O MEI tem vantagens tributárias, mas também limitações, como faturamento máximo anual e restrição de atividades. O autônomo, por outro lado, tem maior liberdade, mas assume contribuições mais altas.
Como manter a regularidade das contribuições
Para não perder qualidade de segurado no INSS, o autônomo deve manter as contribuições em dia.
- Organização: crie lembretes para o dia 20 de cada mês.
- Planejamento financeiro: inclua o pagamento do INSS como despesa fixa mensal.
- Consulta online: acompanhe o histórico de contribuições pelo aplicativo ou site “Meu INSS”.
Caso haja períodos sem contribuição, o trabalhador pode pagar em atraso, mas precisará comprovar que exerceu atividade remunerada durante o período.

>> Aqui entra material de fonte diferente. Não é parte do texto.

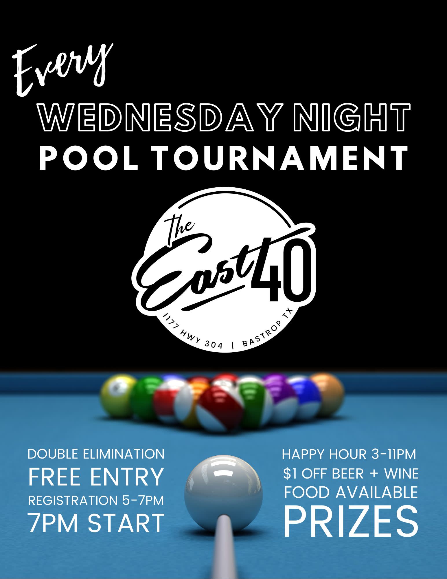 Introducing Wednesday Night Pool Tournaments @TheEast40. - Free Entry! - Registration starts at 5PM - Tournament starts at 7PM - Prizes awarded at end of night! We'll also have Happy Hour from 3PM-CLOSE with $1 off ALL beer and wine.

Vantagens de contribuir como autônomo

- Proteção em situações de emergência (doença, maternidade, invalidez).
- Garantia de aposentadoria no futuro.
- Possibilidade de incluir dependentes em benefícios.
- Comprovação de tempo de contribuição em concursos e processos seletivos.
Mais do que um gasto, a contribuição deve ser vista como um investimento em segurança social.
Considerações finais
O crescimento do trabalho autônomo no Brasil torna ainda mais importante a discussão sobre contribuição ao INSS como contribuinte individual. Ao compreender os tipos de contribuição, os valores e os benefícios garantidos, o trabalhador consegue planejar melhor sua carreira e seu futuro.
O INSS para autônomos é um instrumento de cidadania, que assegura direitos básicos como aposentadoria, auxílio em situações de doença e proteção para a família. Portanto, estar em dia com a contribuição previdenciária é fundamental para qualquer trabalhador que deseja combinar liberdade profissional com segurança social.